Doctor 'Report Cards' Not Last Word on Physician Performance
MONDAY, Sept. 13 -- Public information about U.S. doctors' education, certification and malpractice claims may not be enough to help patients determine whether a physician provides high-quality care, a new study suggests.
"To improve the quality of care received by their beneficiaries, some health plans use physician report cards and tiered physician networks to steer their members towards physicians who provide high-quality care. However, most patients do not have access to physician quality measures," wrote Rachel O. Reid, of the University of Pittsburgh and colleagues.
"Patients are therefore encouraged to use publicly available proxies for clinical performance when choosing a physician. The Agency for Healthcare Research and Quality advises patients to consult state medical boards and to seek information on board certification and training as a way to assess the quality of care physicians provide."
In this study, the researchers analyzed claims 2004-05 data from 1.13 million adult patients to calculate performance scores of 10,408 Massachusetts physicians. They then gathered information about the same doctors from the Massachusetts Board of Registration in Medicine.

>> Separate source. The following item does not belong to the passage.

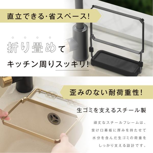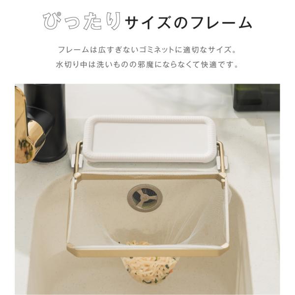 【ぴったりサイズのフレーム】フレームは広すぎないゴミネットに適切なサイズ。水切り中は洗いものの邪魔にならなくて快適です。

They found that higher performance scores were associated with three characteristics: being female, board certification, and graduation from a domestic medical school. However, the researchers said there's little evidence to suggest that a patient would consistently receive better quality care by having a doctor with these three characteristics, noting that the average difference in performance scores for a male, non-certified and internationally trained physician was only 5.9 percent.
They also said they found no significant association between malpractice claims and performance score. This suggests that malpractice claims may have more to do with a physician's communication style and other attributes rather than negligent care.
"In conclusion, we found that individual physician characteristics are poor proxies for performance on clinical quality measures and are not well suited for use as such by patients," the researchers wrote. "Public reporting of individual physician quality data may provide the consumer with more valuable guidance when seeking providers of high-quality health care."
The study appears in the Sept. 13 issue of the Archives of Internal Medicine.